**Data provided:**
*** Block opens ***

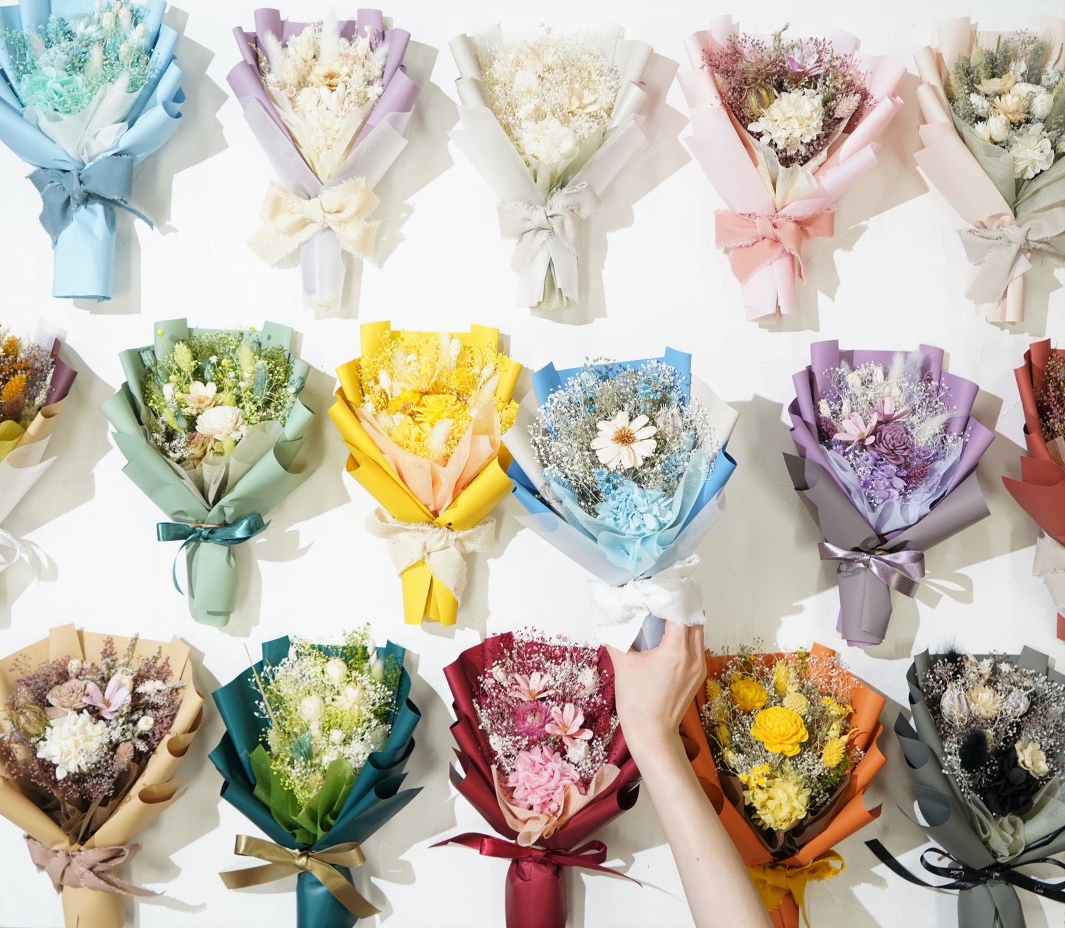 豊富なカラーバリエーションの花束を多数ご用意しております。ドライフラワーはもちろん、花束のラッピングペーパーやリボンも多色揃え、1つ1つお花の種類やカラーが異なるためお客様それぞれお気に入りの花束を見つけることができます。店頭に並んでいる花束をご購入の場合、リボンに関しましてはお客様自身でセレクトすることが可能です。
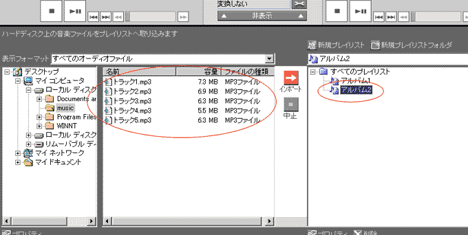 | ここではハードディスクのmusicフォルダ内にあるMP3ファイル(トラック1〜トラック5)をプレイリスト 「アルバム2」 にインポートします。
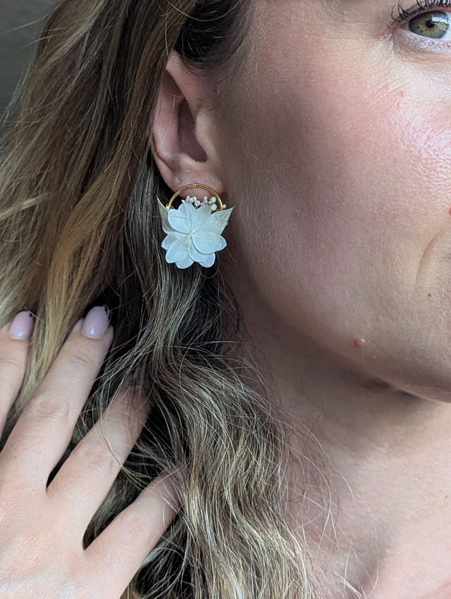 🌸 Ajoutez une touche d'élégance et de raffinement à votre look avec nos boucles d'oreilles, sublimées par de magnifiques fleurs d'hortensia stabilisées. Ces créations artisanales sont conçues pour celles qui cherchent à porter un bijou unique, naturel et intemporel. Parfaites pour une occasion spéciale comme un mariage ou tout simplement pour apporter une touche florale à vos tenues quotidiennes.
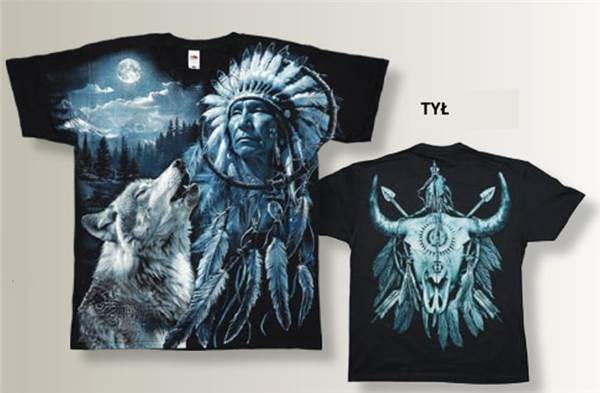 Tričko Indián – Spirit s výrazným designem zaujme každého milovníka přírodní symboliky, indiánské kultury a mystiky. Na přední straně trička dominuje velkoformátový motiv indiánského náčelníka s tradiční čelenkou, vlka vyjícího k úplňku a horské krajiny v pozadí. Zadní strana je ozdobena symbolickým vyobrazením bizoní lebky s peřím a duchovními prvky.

*** Block closes ***

Exactly as they appear, transcribe the lines from the top of the material above through the line with "vos tenues quotidiennes.". Omit any picture.

 豊富なカラーバリエーションの花束を多数ご用意しております。ドライフラワーはもちろん、花束のラッピングペーパーやリボンも多色揃え、1つ1つお花の種類やカラーが異なるためお客様それぞれお気に入りの花束を見つけることができます。店頭に並んでいる花束をご購入の場合、リボンに関しましてはお客様自身でセレクトすることが可能です。
 | ここではハードディスクのmusicフォルダ内にあるMP3ファイル(トラック1〜トラック5)をプレイリスト 「アルバム2」 にインポートします。
 🌸 Ajoutez une touche d'élégance et de raffinement à votre look avec nos boucles d'oreilles, sublimées par de magnifiques fleurs d'hortensia stabilisées. Ces créations artisanales sont conçues pour celles qui cherchent à porter un bijou unique, naturel et intemporel. Parfaites pour une occasion spéciale comme un mariage ou tout simplement pour apporter une touche florale à vos tenues quotidiennes.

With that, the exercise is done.